===== Extracted information

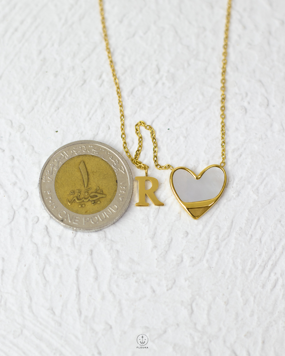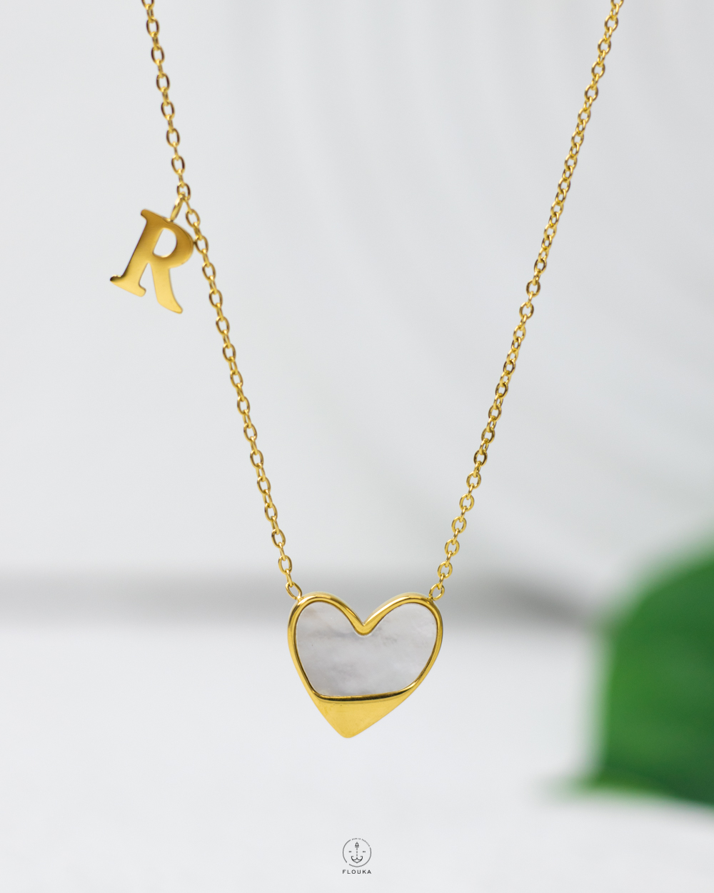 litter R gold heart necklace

==========
===== Extracted information

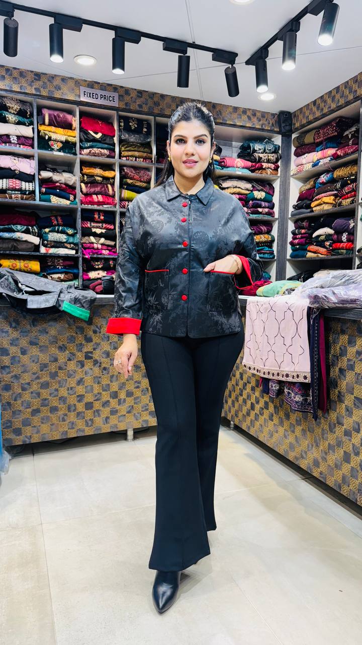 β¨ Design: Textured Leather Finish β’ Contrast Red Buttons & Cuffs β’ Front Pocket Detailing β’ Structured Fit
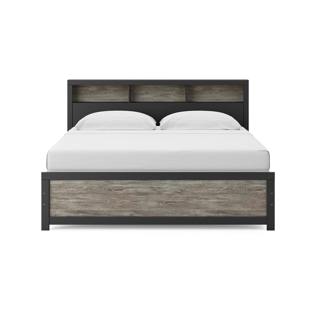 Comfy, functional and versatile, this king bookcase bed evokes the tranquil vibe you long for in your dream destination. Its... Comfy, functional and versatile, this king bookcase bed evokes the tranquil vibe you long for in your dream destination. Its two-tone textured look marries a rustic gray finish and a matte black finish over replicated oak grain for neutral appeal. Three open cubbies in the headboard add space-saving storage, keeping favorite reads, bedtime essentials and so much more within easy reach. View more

==========

### Problem statement
Word for word, restate the lines above from the one with "β¨ Design: Textured" through the one with "reach. View more", keeping both ends and dropping the pictures.

### Exercise output
 β¨ Design: Textured Leather Finish β’ Contrast Red Buttons & Cuffs β’ Front Pocket Detailing β’ Structured Fit
 Comfy, functional and versatile, this king bookcase bed evokes the tranquil vibe you long for in your dream destination. Its... Comfy, functional and versatile, this king bookcase bed evokes the tranquil vibe you long for in your dream destination. Its two-tone textured look marries a rustic gray finish and a matte black finish over replicated oak grain for neutral appeal. Three open cubbies in the headboard add space-saving storage, keeping favorite reads, bedtime essentials and so much more within easy reach. View more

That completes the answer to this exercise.